The high water in the Tanana is coming mainly from excessive rains to the south - the Alaska Range - rather than the Yukon-Tanana uplands to the north, and it seems the Chena River isn't running particularly high.  However, the Snotel sites to the east of Fairbanks have also reported quite a lot of rain in recent weeks, for example 9 inches of rain at Upper Nome Creek in the last 3 weeks.

The Tanana gauge near Fairbanks shows the water level about a foot above flood stage, i.e. enough for nuisance flooding of low-lying areas.

Here's a before-and-after comparison of webcam views from Nenana: one week ago versus today.  Click to enlarge.

And here's a simple animation of the latest 10-day forecast from the ECMWF's deterministic model, showing a very active weather pattern with several troughs affecting Alaska in the next week.

Copious Moisture

Flood watches are in effect from the Alaska Range eastward to the Canadian border, as a strong storm system drops moisture from a southwesterly flow originating in the tropics.  Here's a surface analysis from 4am today: note the storm tracking into southwestern Alaska from the central North Pacific (click to enlarge):

This morning's sounding from Anchorage measured nearly 1.5" of precipitable water (total vertical water content), which is extremely high by historical standards.  Here's the sounding: note the very deep saturation (dewpoint nearly equal to temperature) and strong southwest winds through most of the column.

Yesterday afternoon's sounding at Kodiak had even a bit more moisture, as is typical.

The highest precipitable water (PW) ever recorded by an Alaska sounding was 1.90" out at Shemya, on the other side of the Date Line, last August.  This is according to the IGRA database, which calculates PW from the surface up to the mid-atmosphere level of 500mb (the air above that level typically holds very little moisture because of its low temperature and pressure).  The western Aleutians are relatively far south, at less than 53°N latitude, and are often exposed to typhoon remnants with high moisture levels.

Excluding data from Shemya, Cold Bay holds the record for highest PW: 1.75" in July 2016.  I'm ignoring data from before 1960 because of low confidence in the measurements.

It's interesting to look at the history of annual maximum PW for each of Alaska's 14 currently-operational sounding sites.  There's a clear trend towards higher annual extremes at the northernmost sites, as we might expect with amplified Arctic warming.  (Note that the charts below use only June-September data so that I could require less than 10% of days missing in each year plotted.  Virtually all of the annual maxima occur in June-September.)

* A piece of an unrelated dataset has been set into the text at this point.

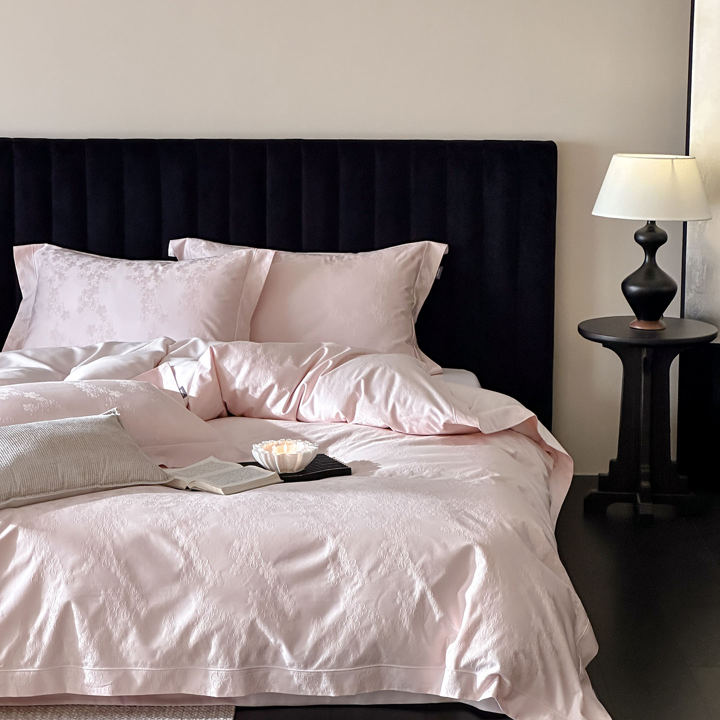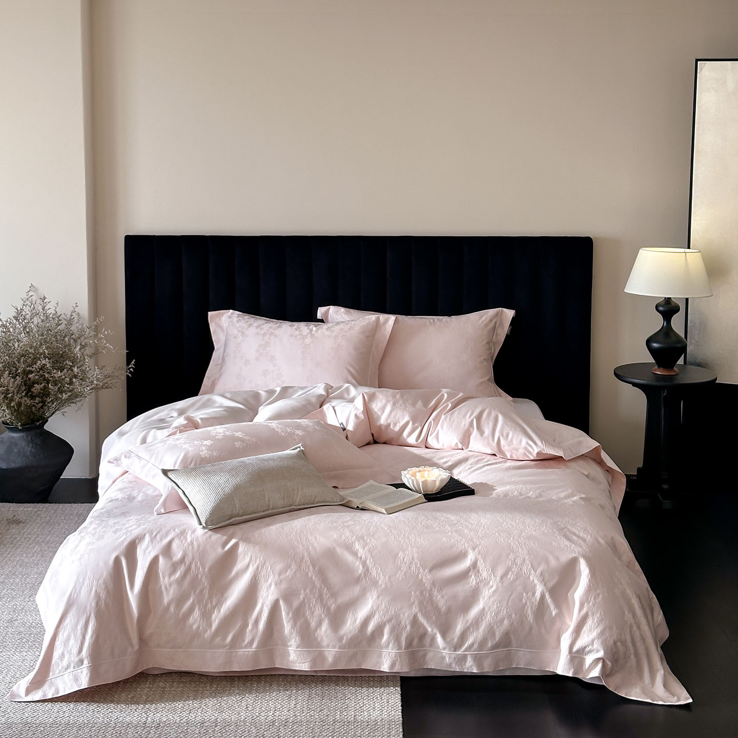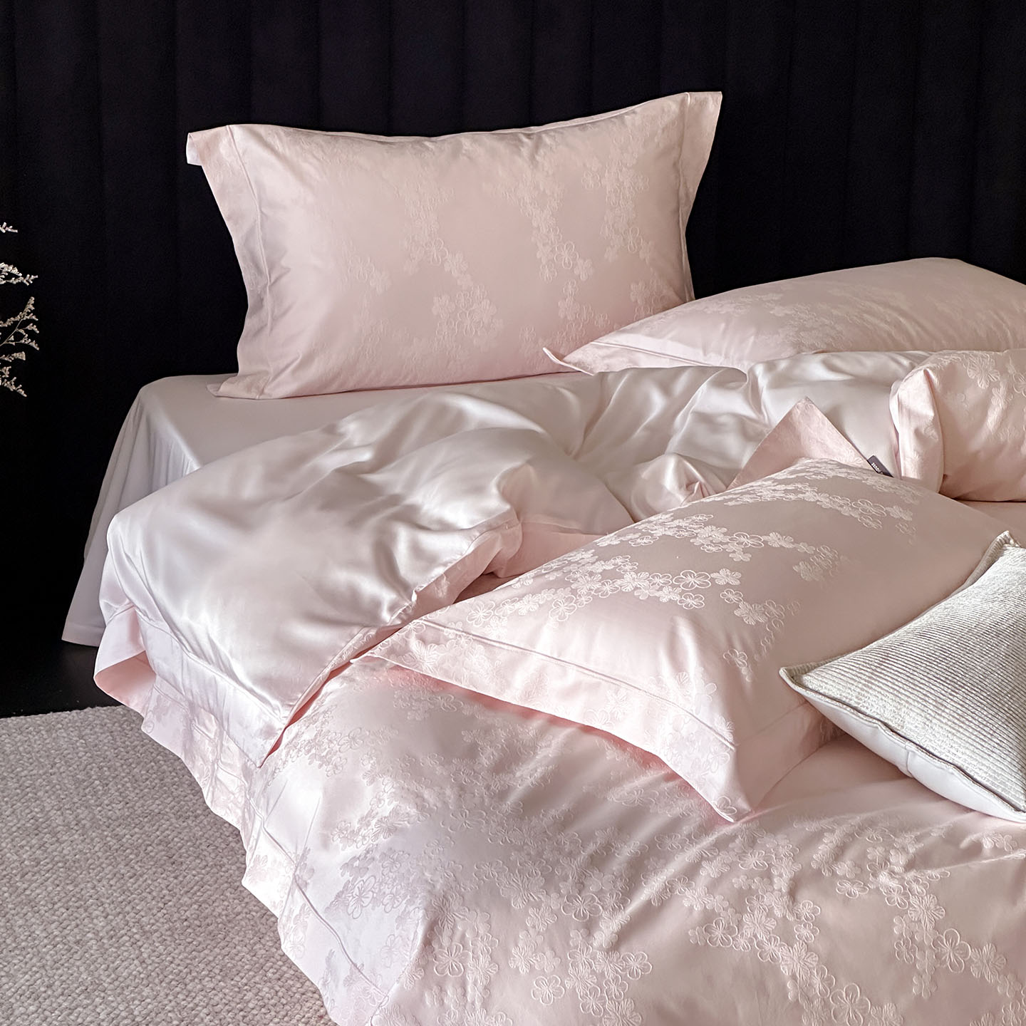 商品名称:MIU缪家居 2025新款100支全棉厚织提花简奢系列四件套-贝蒂 贝蒂 (桃粉)
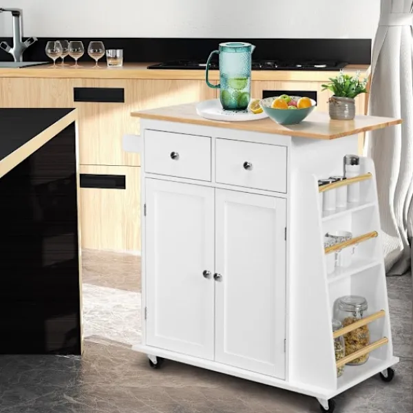 Förvandla dina köksuppgifter till en härlig upplevelse med vår eleganta köksvagn. Denna mångsidiga köksö på hjul är designad för att erbjuda gott om förvaring och organisation för dina nödvändiga kökssaker. Tillverkad med en bred bänkskiva i massivt trä, ett tvådörrarsskåp, två lådor, en handdukshållare och ett trevånings kryddställ, säkerställer denna köksvagn att din matlagningsplats förblir rörig och effektiv.

Sites farther south don't show a pronounced trend, but it's interesting to see that the mid-August 2019 rain event involved the all-time record PW at Anchorage and Bethel, and second-highest at Fairbanks:

Results for Cold Bay and Kodiak:

Yakutat and Annette Island both set new post-1960 PW records in late July last year, and the data from Annette shows very high PW in both 2021 and 2022.  This is very likely related to extreme North Pacific warmth in both summers, leading to higher moisture content in the air masses coming off the ocean.